B&B: Brews and Brains: Chapter 1:

A dual between cancer and science, a journey to understand and find cure for Cancer: from the perspective of postdocs studying Cancer Biology

  1. Could each of you please introduce yourself and give a brief description about your research? When/how did you first get interested in cancer research?

Jerome: While my PhD focused on mycobacterial pathogenesis, I transitioned to cancer research during my postdoc. I’m currently working on probiotic engineering for treatment of colorectal tumors in the Dantas lab. (https://www.linkedin.com/in/jerome-prusa-508979148/)A group of people standing together Description automatically generated

Kristin: My interest in cancer began during my undergraduate studies. I’m now a postdoc in the Weilbaecher lab, focusing on mechanisms of chemo-resistance in breast cancer bone metastases. (https://www.linkedin.com/in/kristin-kwakwa/)

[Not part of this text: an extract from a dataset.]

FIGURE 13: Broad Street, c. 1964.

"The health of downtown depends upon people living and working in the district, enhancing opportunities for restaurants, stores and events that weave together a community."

Emilee: I’ve been involved in cancer research since my undergraduate days. After a brief stint in industry, I’m now a postdoc in the Spencer lab, studying DNA methylation in leukemias and developing a pipeline for whole-genome sequencing of CAR-T cells. (https://www.linkedin.com/in/emilee-kotnik/)

Sandip: I’ve developed a keen interest in cancer biology since my master’s degree. Currently, I’m working on CAR-T cell therapy for AML in the Kim lab. (https://www.linkedin.com/in/sandip-nathani-9b7564221/)

  1. If you were a researcher in a movie, what would be the climactic scene of you making a breakthrough? 

The discussion centered around advancements in cellular therapies, particularly CAR-T cell therapy, for cancer treatment. Participants expressed excitement about the potential of engineering immune cells to combat tumors, especially considering challenges with traditional therapies like chemotherapy. While significant progress has been made in treating leukemias, expanding the application of CAR-T therapy to solid tumors remains a major goal. Key areas of focus include understanding factors that influence CAR-T cell development, overcoming the resistance of solid tumors to immune infiltration, and improving early detection methods for breast cancer. The conversation also highlighted the importance of personalized approaches, considering individual patient responses to treatment and the need for innovative strategies to combat chemo-resistance. Additionally, participants discussed the challenges and rewards of scientific research. 

The analogy of “October Sky” resonated, emphasizing the iterative nature of scientific discovery, the importance of perseverance through failures, and the transformative power of unexpected breakthroughs. The fictional concept of a single-cell therapy capable of both detecting and killing cancer was explored jokingly, highlighting the aspirations and potential future directions of the field.

  1. How do you constantly learn/keep up with the skills required for your work?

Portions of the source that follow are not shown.